What is being asked -
All pictures are to be skipped; retype only the lines from the top of the entries through the line with "2025年7月21日,中建科", both included.

• • • • • • •

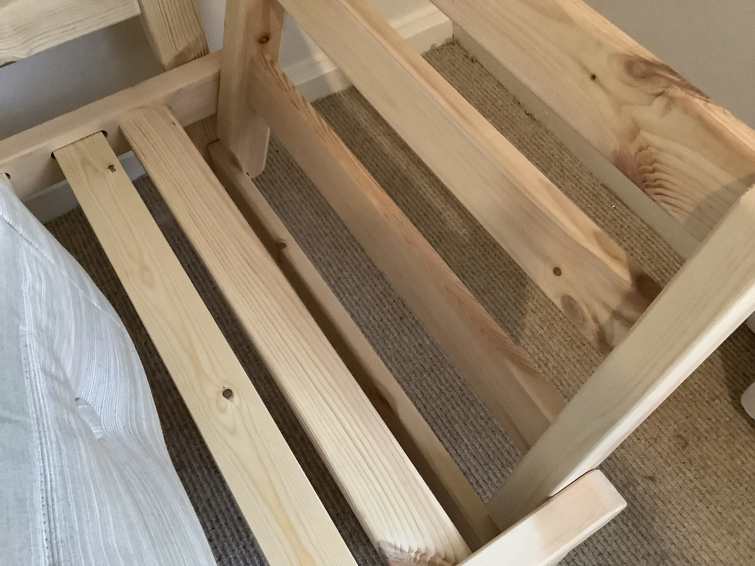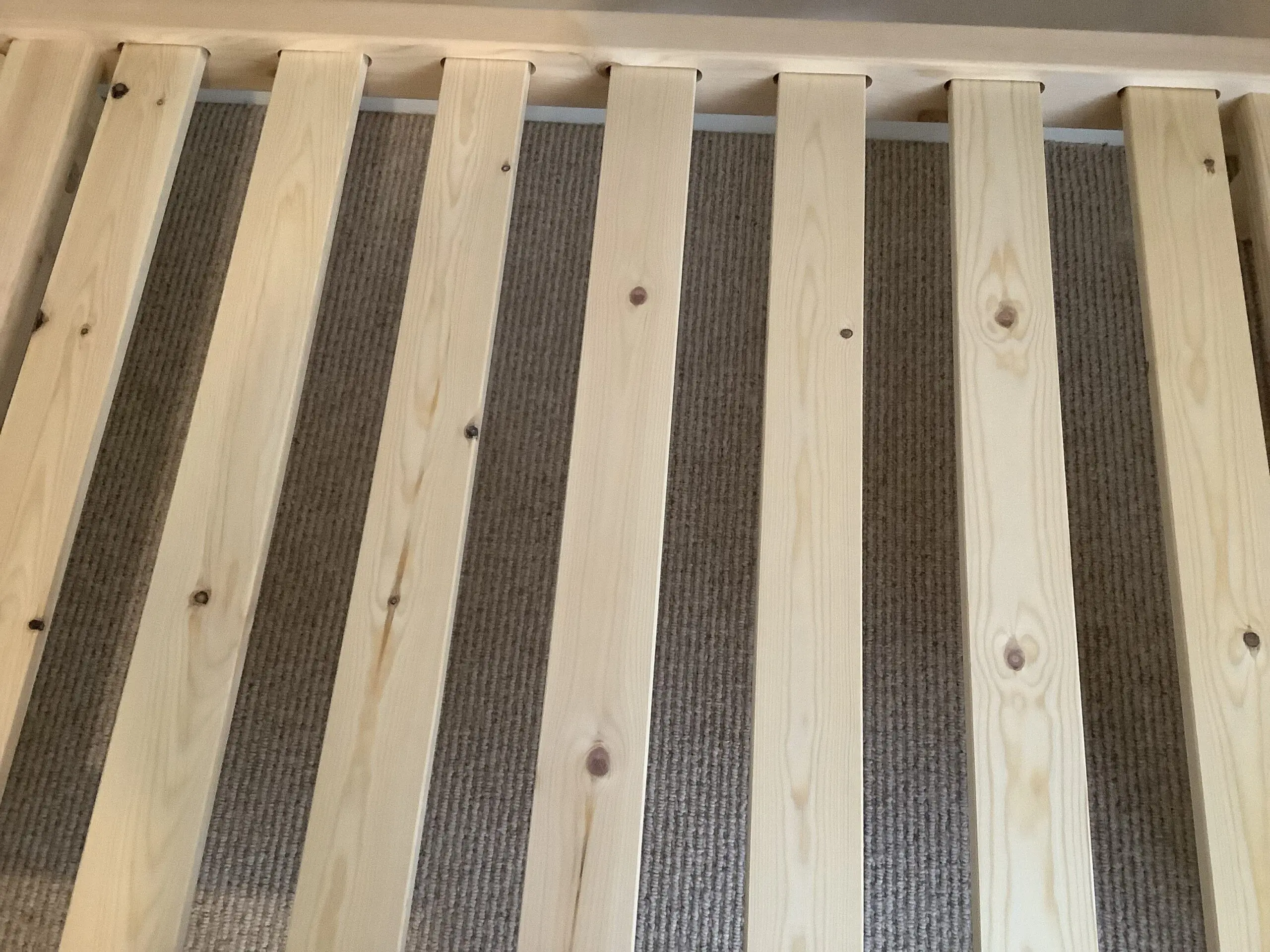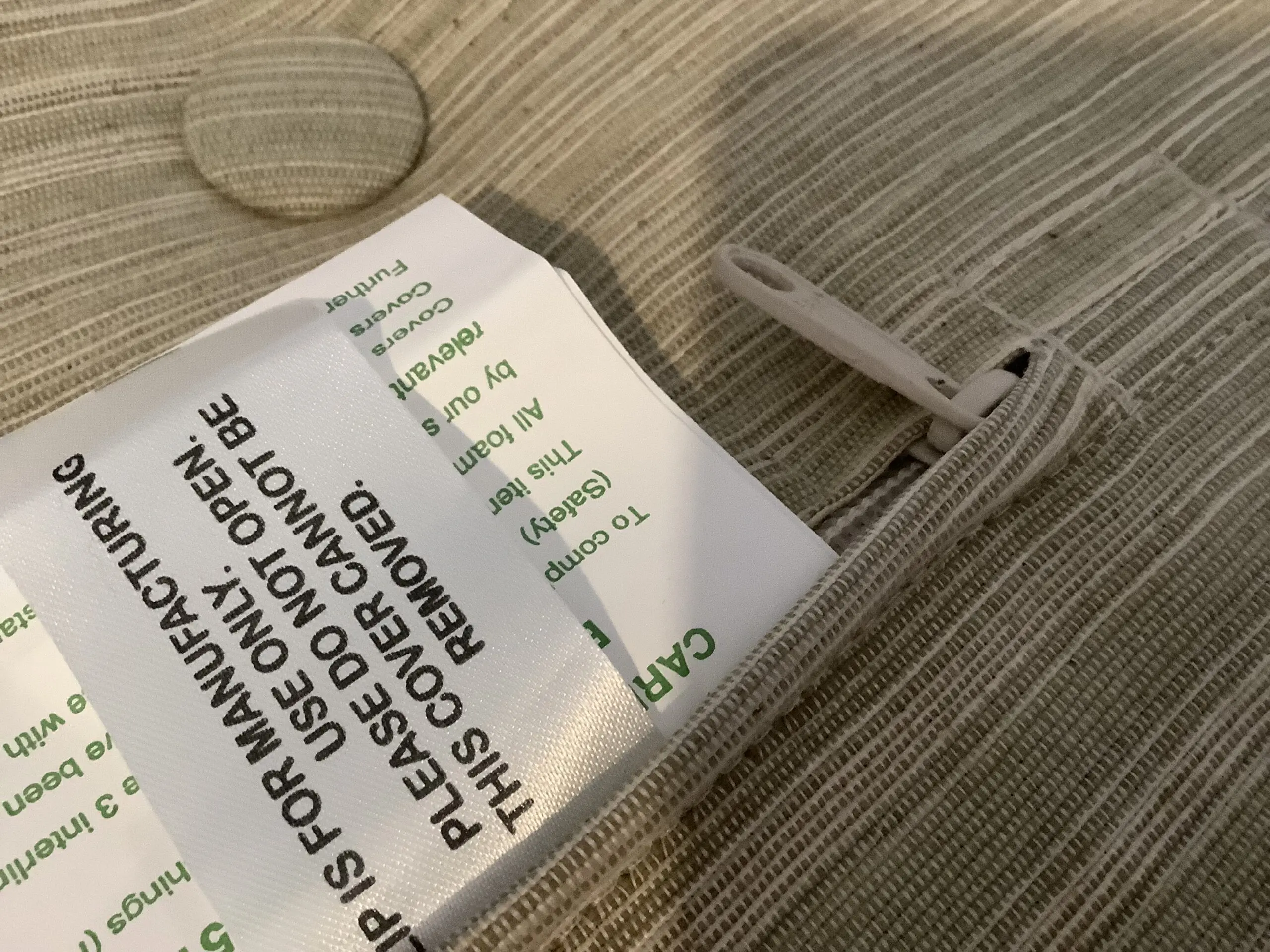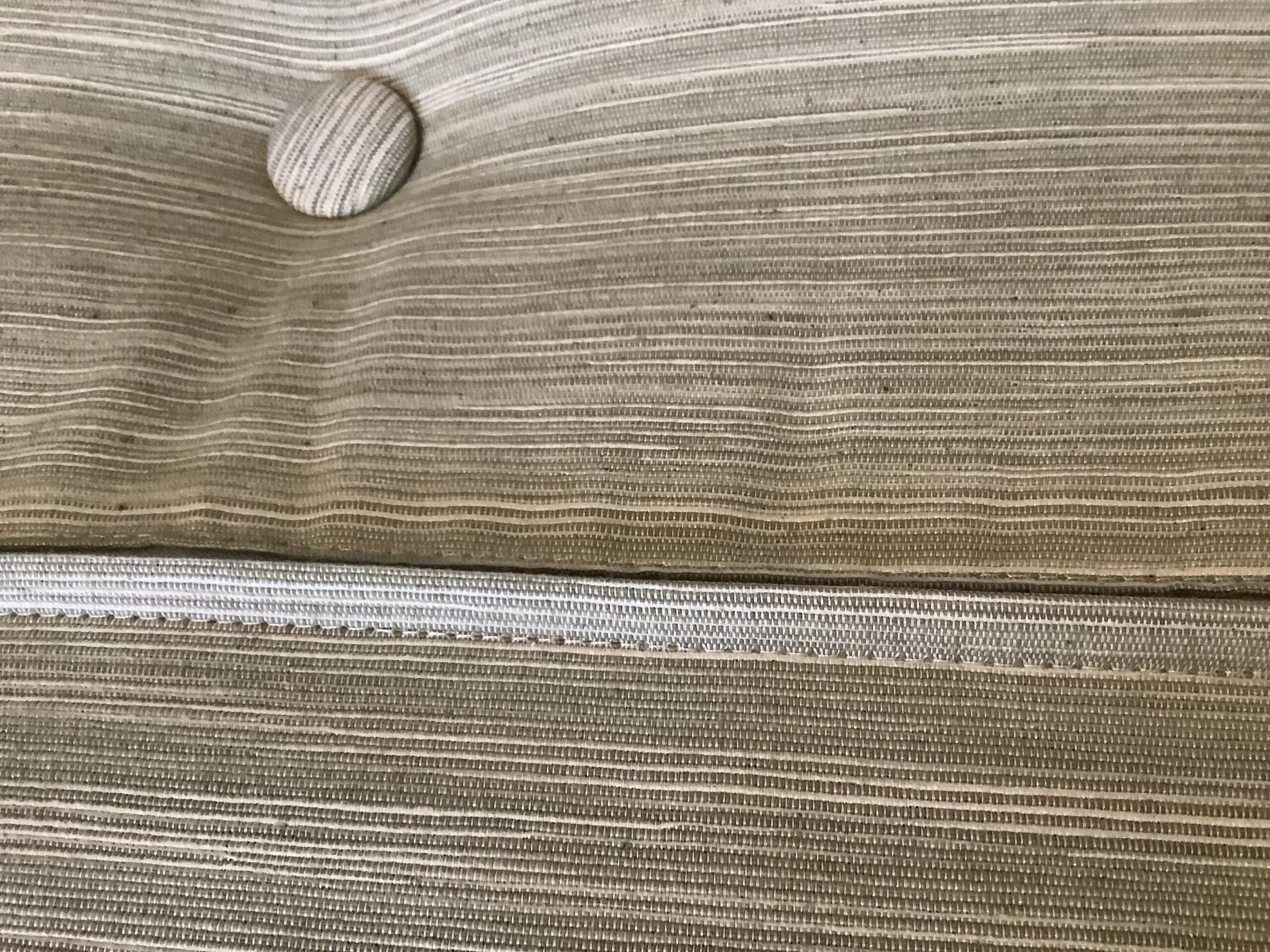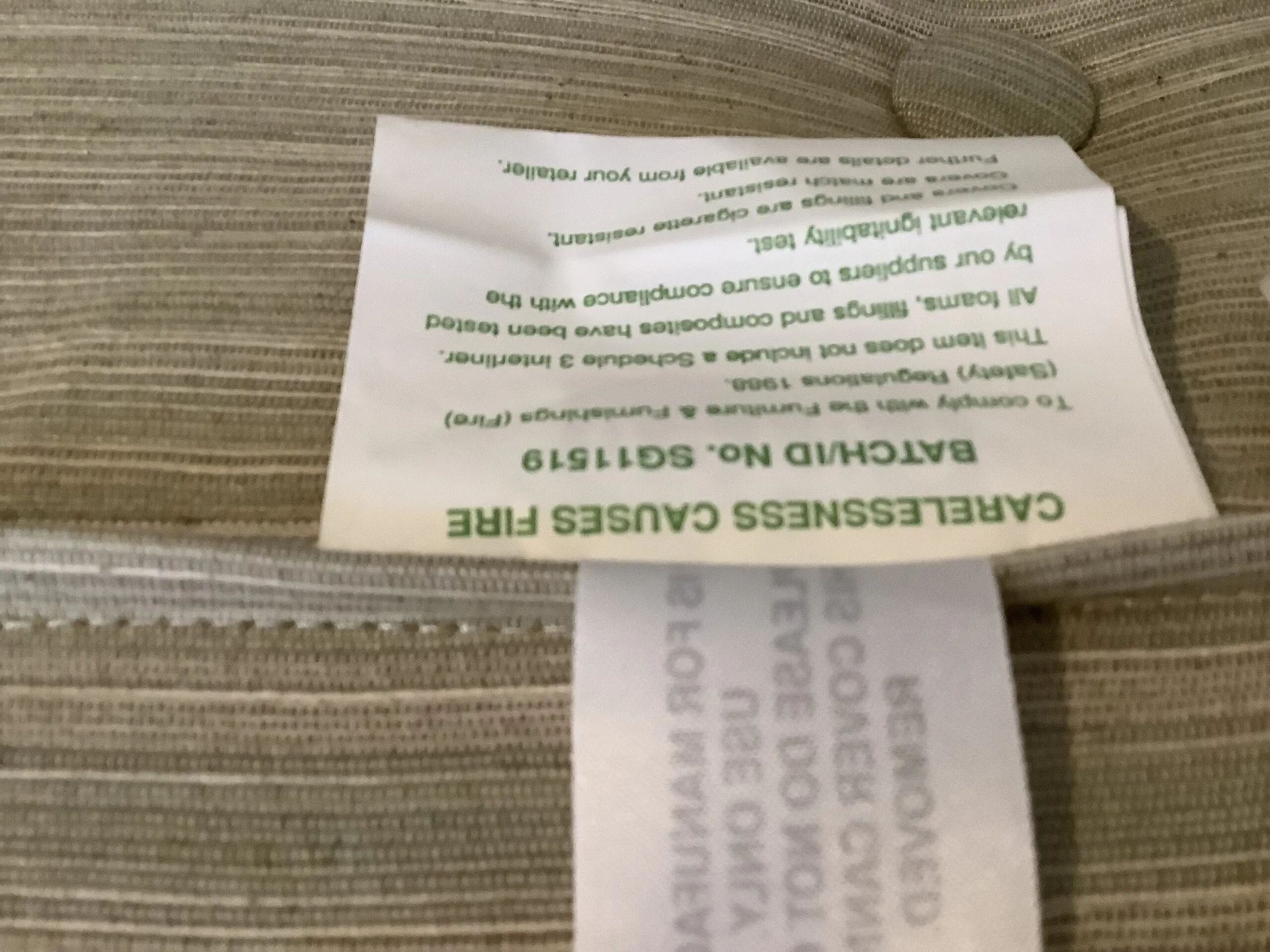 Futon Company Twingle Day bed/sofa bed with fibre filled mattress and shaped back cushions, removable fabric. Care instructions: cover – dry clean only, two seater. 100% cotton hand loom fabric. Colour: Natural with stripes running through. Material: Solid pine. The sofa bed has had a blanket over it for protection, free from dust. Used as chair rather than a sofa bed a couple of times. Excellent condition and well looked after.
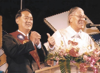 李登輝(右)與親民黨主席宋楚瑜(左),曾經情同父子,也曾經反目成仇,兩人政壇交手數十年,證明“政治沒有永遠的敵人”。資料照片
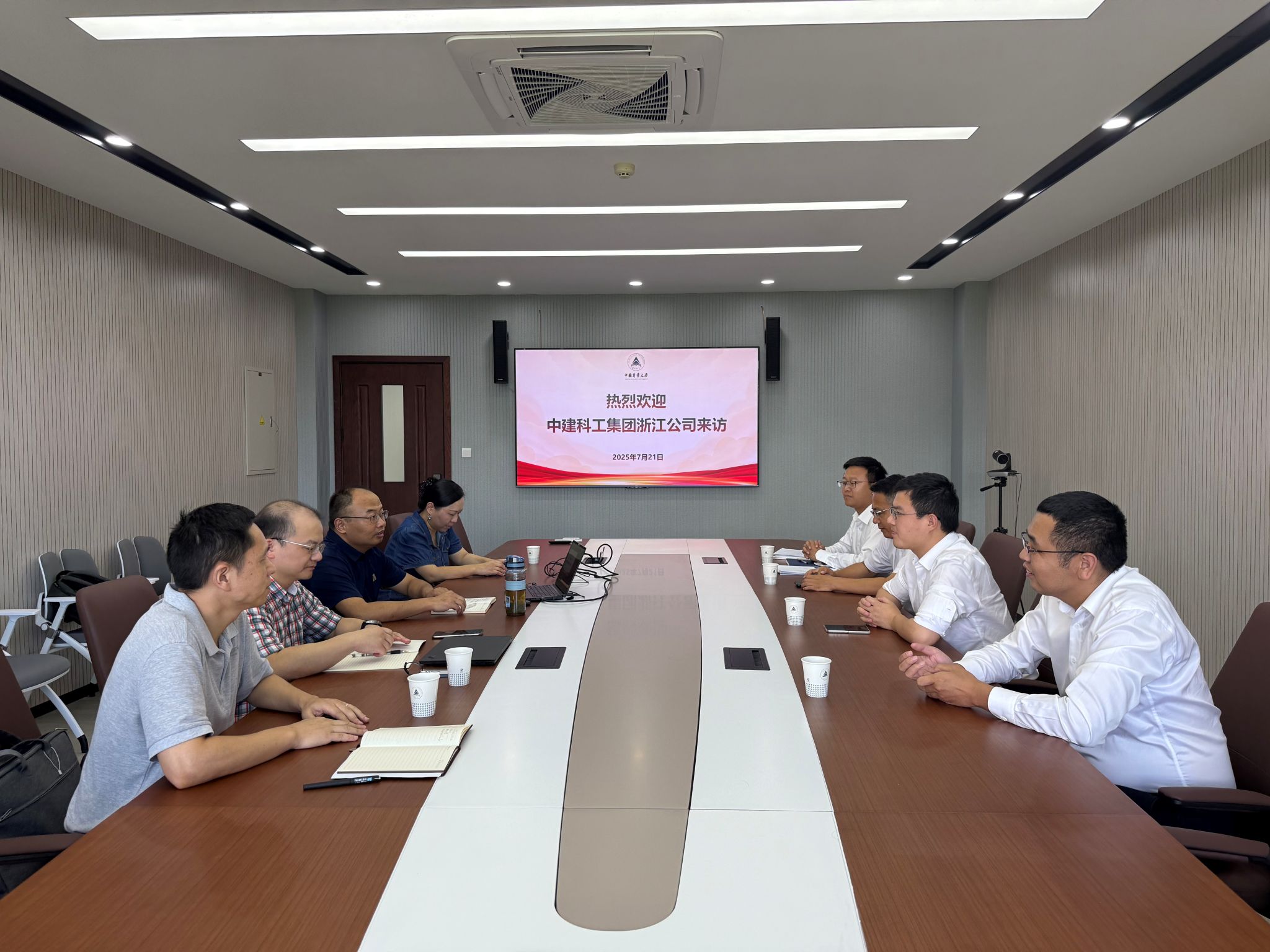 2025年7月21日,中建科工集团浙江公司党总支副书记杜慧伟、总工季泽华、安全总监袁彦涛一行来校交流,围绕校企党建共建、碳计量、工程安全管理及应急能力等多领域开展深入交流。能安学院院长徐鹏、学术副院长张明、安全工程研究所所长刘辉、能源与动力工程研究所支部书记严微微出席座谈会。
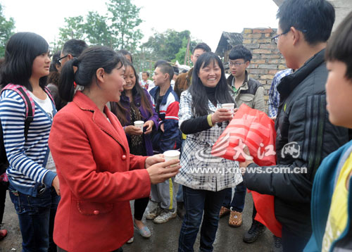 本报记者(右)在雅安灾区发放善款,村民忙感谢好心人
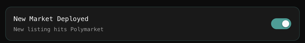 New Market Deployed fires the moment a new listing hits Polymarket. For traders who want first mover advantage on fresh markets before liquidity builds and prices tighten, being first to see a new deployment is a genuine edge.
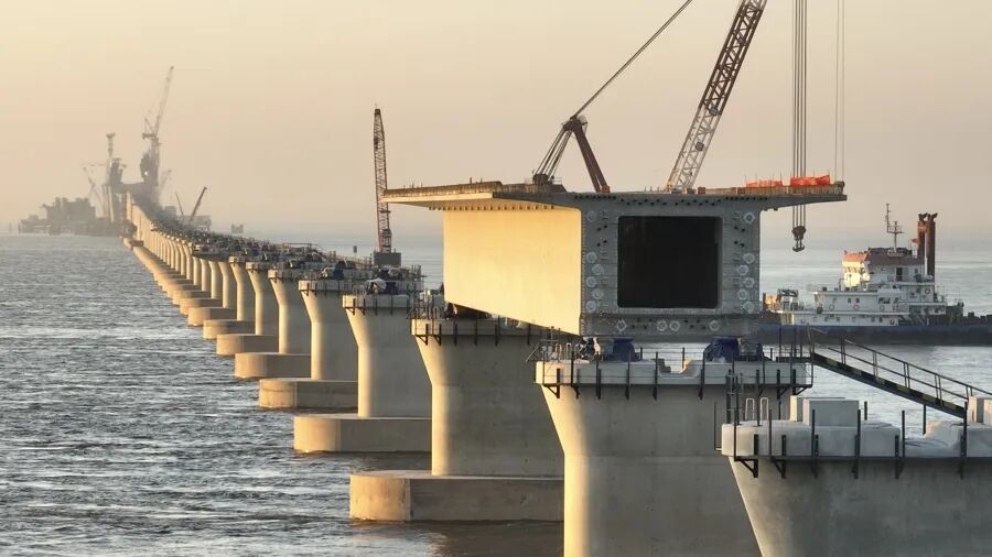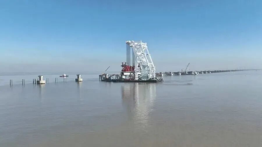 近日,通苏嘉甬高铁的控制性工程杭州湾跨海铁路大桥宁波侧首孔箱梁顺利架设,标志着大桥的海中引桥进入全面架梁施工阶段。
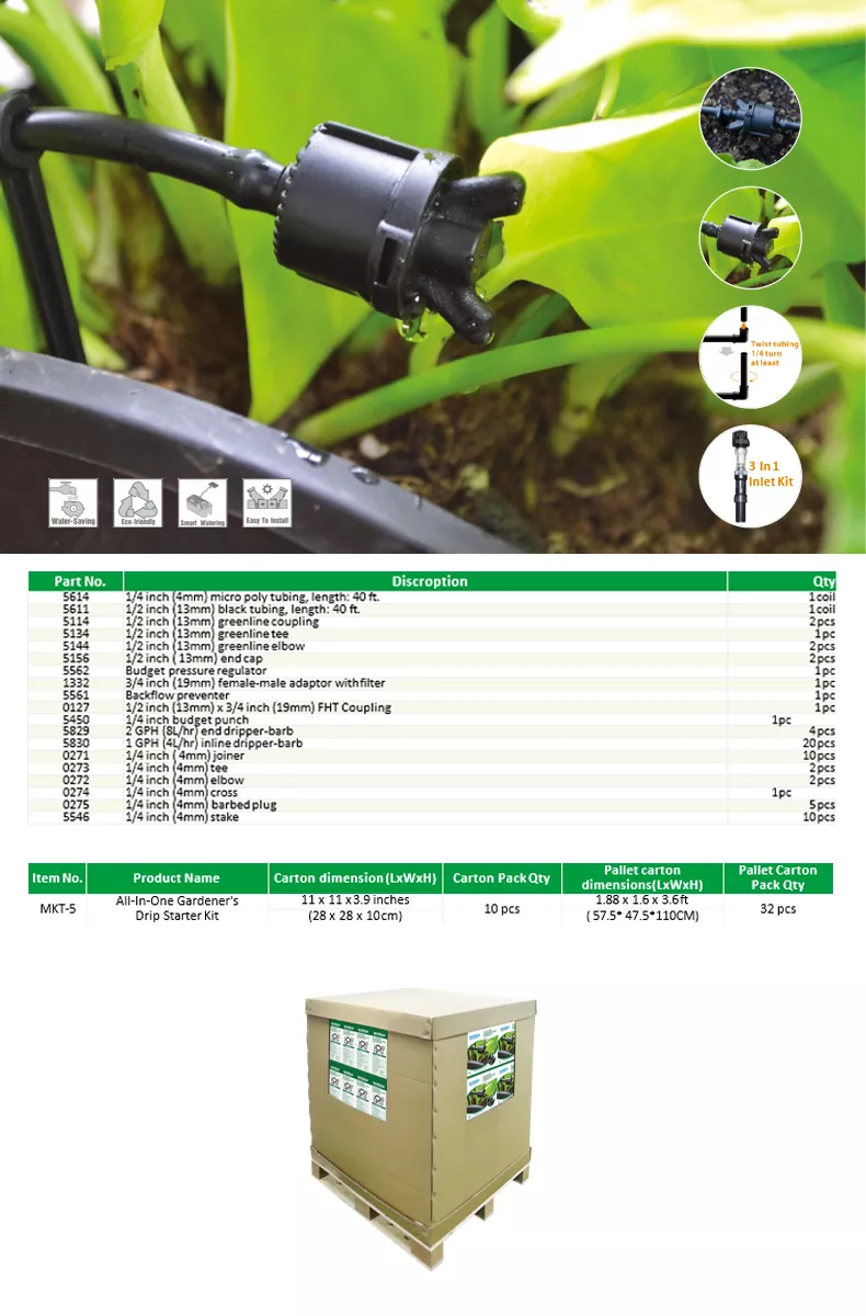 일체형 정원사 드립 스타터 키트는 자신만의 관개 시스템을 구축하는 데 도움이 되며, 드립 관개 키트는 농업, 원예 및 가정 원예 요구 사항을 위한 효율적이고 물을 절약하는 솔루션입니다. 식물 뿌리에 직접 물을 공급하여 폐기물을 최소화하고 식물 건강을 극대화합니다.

• • • • • • •

Written solution -
 Futon Company Twingle Day bed/sofa bed with fibre filled mattress and shaped back cushions, removable fabric. Care instructions: cover – dry clean only, two seater. 100% cotton hand loom fabric. Colour: Natural with stripes running through. Material: Solid pine. The sofa bed has had a blanket over it for protection, free from dust. Used as chair rather than a sofa bed a couple of times. Excellent condition and well looked after.
 李登輝(右)與親民黨主席宋楚瑜(左),曾經情同父子,也曾經反目成仇,兩人政壇交手數十年,證明“政治沒有永遠的敵人”。資料照片
 2025年7月21日,中建科工集团浙江公司党总支副书记杜慧伟、总工季泽华、安全总监袁彦涛一行来校交流,围绕校企党建共建、碳计量、工程安全管理及应急能力等多领域开展深入交流。能安学院院长徐鹏、学术副院长张明、安全工程研究所所长刘辉、能源与动力工程研究所支部书记严微微出席座谈会。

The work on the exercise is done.